Starting from:
$35

$29

Homework 3 Solution




Instructions for submission: In this programming assignment you will implement the Perceptron and the Naive Bayes algorithms and evaluate them on the Review Polarity dataset. Instructions below detail how to turn in your code and assignment on data.cs.purdue.edu




You are given a skeleton code with an existing folder structure. Do not modify the folder structure. You may add any extra les you want to add in the cs373-hw3/src/ folder. For all other parts write your answers in a single PDF. Name this report.pdf. Place your report in the cs373-hw3/report/ folder. Label all the plots with the question number. Your homework must contain your name and Purdue ID at the start of the le. If you omit your name or the question numbers for the plots, you will be penalized.
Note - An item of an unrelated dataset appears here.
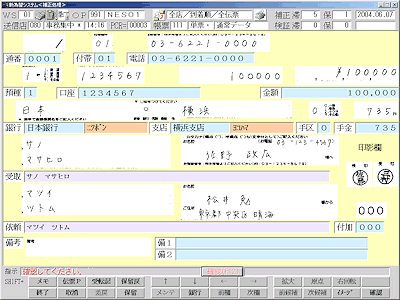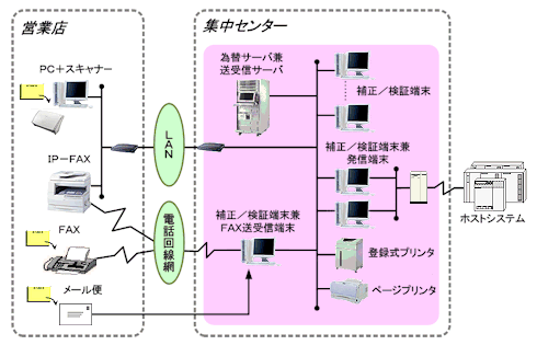 営業店側は、顧客の記入した各種原本をスキャナーでイメージデータ化し、それに対して、金額や振込先などの書き漏れがないか、簡単なデータチェックを行う。そのイメージデータは事務センターに送信され、そこでOCRにかけられて文字認識される。文字データは誤読や不読をオペレーターによって補正され、役席者によって検証された後、ホストに送信されるのだ。
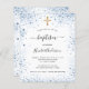 En modern, elegant baptism, som firar ett pojke. Vit bakgrund med blå faux glitter-damm och gyllene kor. Anpassa och lägg till information om namn och party. Svart färgad brev.

To submit your assignment, log into data.cs.purdue.edu (physically go to the lab or use ssh remotely) and follow these steps:




Place all of your code in the cs373-hw3/src/ folder and your report in cs373-hw3/report/ folder.



Change directory to outside of cs373-hw3/ folder (run cd .. from inside cs373-hw3/ folder)



Execute the following command to turnin your code: turnin -c cs373 -p hw3 cs373-hw3



To overwrite an old submission, simply execute this command again.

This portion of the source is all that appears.